Sir Mix-A-Lot

Sir Mix-A-Lot Artistfacts

  • August 12, 1963
  • Sir Mix-a-Lot is overwhelmingly known for his 1992 #1 hit "Baby Got Back," but he was already a Platinum-selling rapper by that point with a huge following in the Seattle area, where he's from. His debut album, Swass, was released in 1988 and earned the Platinum certification in 1990 for selling over a million copies in America.
  • His real name is Anthony Ray. He's a DJ and producer as well as a rapper; the name Sir Mix-A-Lot is a nod to his talent for mixing all kinds of sounds from various drum machines, synthesizers and samplers.

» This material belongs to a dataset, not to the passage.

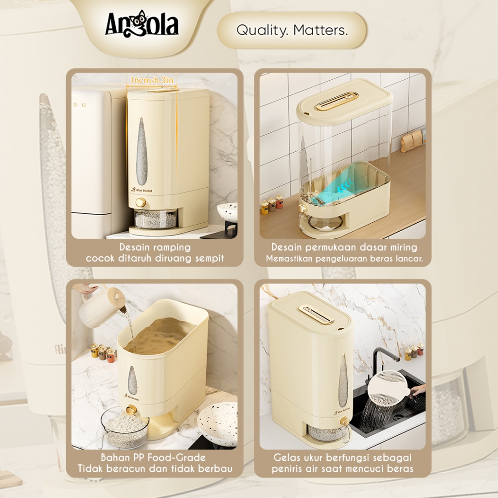 ANGOLA DISPENSER BERAS OTOMATIS 5-10KG E06-E07 TEMPAT PENYIMPANAN BERAS FOOD GRADE ANTI KUTU

  • He's from Seattle, which was far better known for grunge than hip-hop when he was coming up in the late '80s and early '90s. He was the first rapper from the area to become famous; there wasn't another until Macklemore emerged in 2012 with "Can't Hold Us."
  • Sir Mix-a-Lot was one of the first rappers to collaborate with rock bands. On his 1988 debut album, Swass, he teamed with the band Metal Church for a reworking of "Iron Man"; in 1993 he collaborated with the band Mudhoney (also from Seattle) for the song "Freak Momma," which appears on the soundtrack to the movie Judgment Night.

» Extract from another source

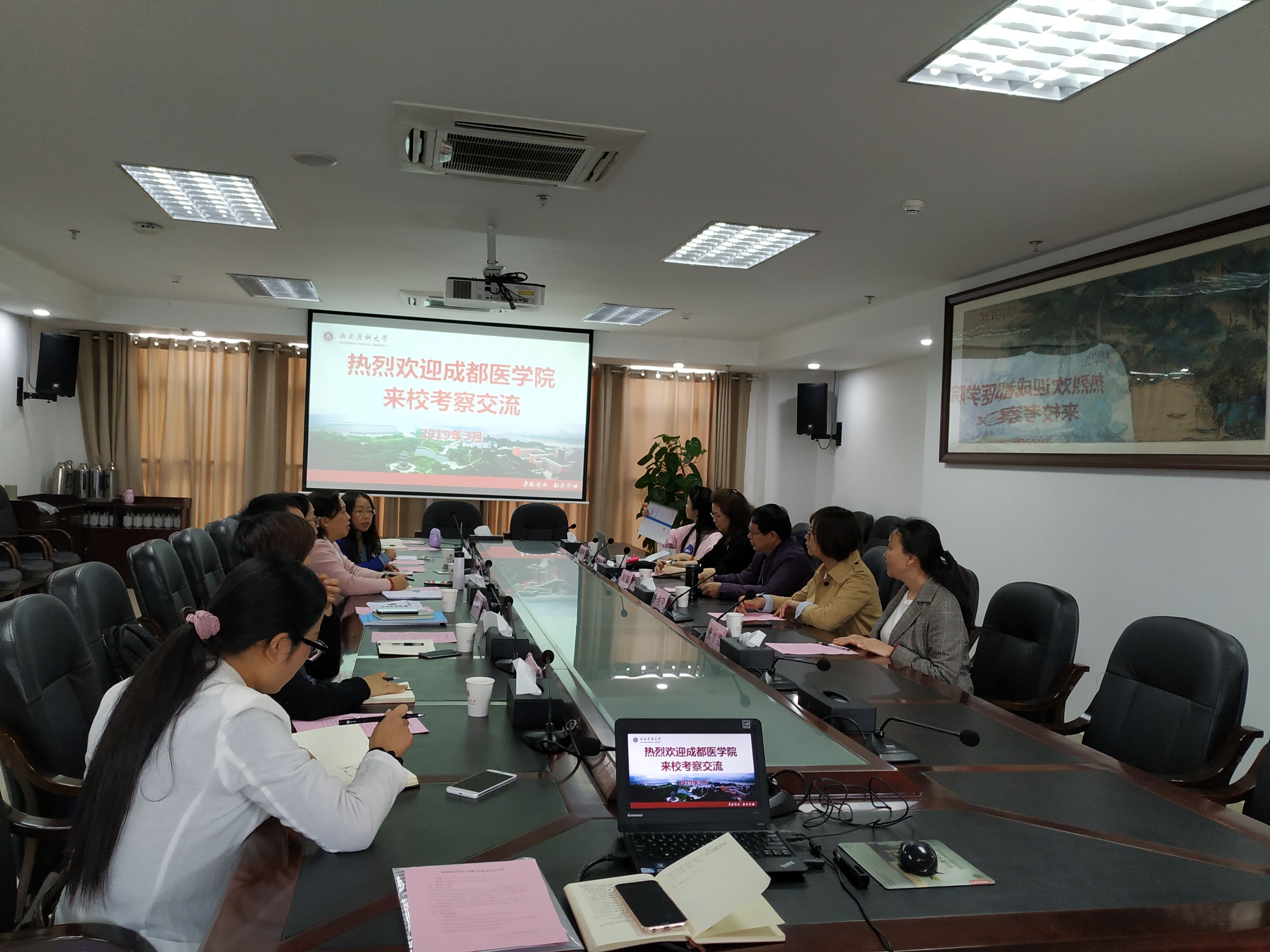 西南医科大学3044永利集团贾红经理、阳书记、马副经理以及各科室负责人热情接待了3044永利集团的来访。分管研究生管理工作的马玲副经理主要介绍了西南医科大学公共卫生专业硕士点评估的整体情况,对硕士研究生招生、培养过程中遇到的困难和可能存在的问题、基地建设、实践教学、毕业论文质量控制等方面进行了详细的介绍。大家对公共卫生专业硕士生培养以及硕士点评估等方面的问题展开了谈论和深度交流,之后大家对硕士公司产品的相关实验条件、教学与办公场地等进行了实地考察。

  • When the Experience Music Project opened in Seattle in 2000, Sir Mix-a-Lot's mixer was on display, honoring his contribution to the city's music scene. Over the years, he's been a part of various exhibits at the museum, which has since been renamed the Museum of Pop Culture.

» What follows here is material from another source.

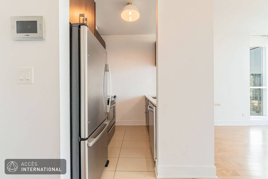 Superbe appartement à louer au centre-ville de Montréal. Il comprend 2 chambres à coucher et 2 salles de bains, dont l'une est attenante à la chambre principale. L'espace de vie optimisé est inondé de lumière grâce à la fenestration du plancher au plafond. Profitez d'une magnifique vue sur la ville. L'Immeuble Altitude vous offre de multiples services comme un salon lounge, une salle d'entraînement, une piscine, et plus encore. Très bien situé et face à la Place Ville-Marie, vivez une immersion urbaine avec toutes les activités et commodités à proximité. Un stationnement au garage est inclus.

  • His early songs he made in a studio tucked into his apartment in Rainier Beach in Seatle using an 8-track recorder, an Oberheim DMX drum machine, a Roland Juno 2 synthesizer, an Akai 612 sampler and an Apple computer. When he'd complete a song, he'd put it to tape and give it a road test, blasting it from his Cadillac Coupe de Ville (his hooptie) while driving around town. "There are very few outlets for hip-hop in Seattle," he explained in 1986. "So if I can't get airplay I just go out into the street to find out if it's good or not."
  • He released his first two albums on his own label, Nastymix, and in 1991 signed with Rick Rubin's Def American Recordings. In 1994, when Rubin changed the label name to American Recordings, he held a funeral for the word "def" that Sir Mix-a-Lot attended along with about 1500 other people. "You got all the big boys in the record business out here for a burial of three letters," he said at the event. "I'm trippin'. I hope this many people come when I'm out of here."
  • The 2005 Pussycat Dolls hit "Don't Cha" interpolates his 1988 song "Swass," which goes:

    Don't you wish your boyfriend was swass like me

    Sir Mix-a-Lot is listed as a writer on that song.
  • "Baby Got Back" is a Golden Goose for Sir Mix-a-Lot; he says the song has earned him over $100 million dollars. That allows him to work if and when he wants to.